Genuine product characterization involves pooling multiple samples of patient outcomes to form a statistical curve. Most of the samples will cluster in the center of this curve, but inevitably there will be outliers. The confidence interval, or the probabilistic margins of drug performance, cuts away the outliers, but those outliers still reflect what could happen when patients use the drug being studied, he said. “This is important, because it helps us understand what kind of numbers we’ll be looking at and what they mean or don’t mean.”

What's Driving Real-World Differences?

The real-world differences observed between US- vs EU-sourced Humira could be explained by non-drug–related variables, such as improper drug administration or the geographic dispersal of study populations and their epidemiological history—ie, tuberculosis, Gudat said.

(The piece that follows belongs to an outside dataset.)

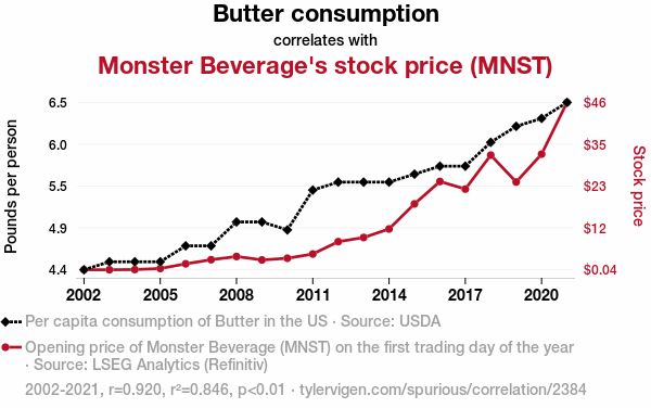 The curious case of the relationship between butter consumption and Monster Beverage's stock price (MNST) has long puzzled financial analysts. The aim of this study was to shed light on this peculiar pairing through a rigorous analysis utilizing data from the USDA and LSEG Analytics (Refinitiv). Our findings reveal a surprisingly strong positive correlation, with a correlation coefficient of 0.9198682 and a p-value less than 0.01 for the years 2002 to 2021.

For those reasons, he said, RWE doesn’t really help evaluate for biosimilarity. “It compares the products embedded in a multitude of circumstances. You have to look at the whole package. I’m really illustrating why the signal-to-noise ratio in the real-world setting is actually not necessarily conducive to generating comparative evidence for a biosimilar. You’ve just got so much noise; and if you do see a difference, you’ve got no idea where it’s coming from.”

That doesn’t mean RWE is of no value. There are questions that RWE can answer and should be used to answer, he said.

RWE studies can provide important information along the lines of who has gained access to the biosimilar, when is it being used in real world practice, how it is administered, and in what settings the biosimilar has been embraced, Gudat said.

By following this line of inquiry, real-world studies can complement clinical efficacy studies, he said.

Gudat suggested a number of potential real-world studies that would accomplish this objective:

  • Rates and circumstances of adoption
  • Methods of enhancing patient acceptance
  • Characteristics of patients treated with biosimilars
  • Patient satisfaction
  • Medication adherence
  • Health care practitioners’ attitudes and acceptance of biosimilars
  • Practitioners’ knowledge of biosimilars
  • Changes in the order of use of biologics (treatment lines)
  • Impact on dosing frequency.
  • Dose adjustments
  • Impact on patient outcomes (public health consequences)
  • Health economic benefits.

“These are other questions equally important or also important that [RWE] can help us to answer,” Gudat said.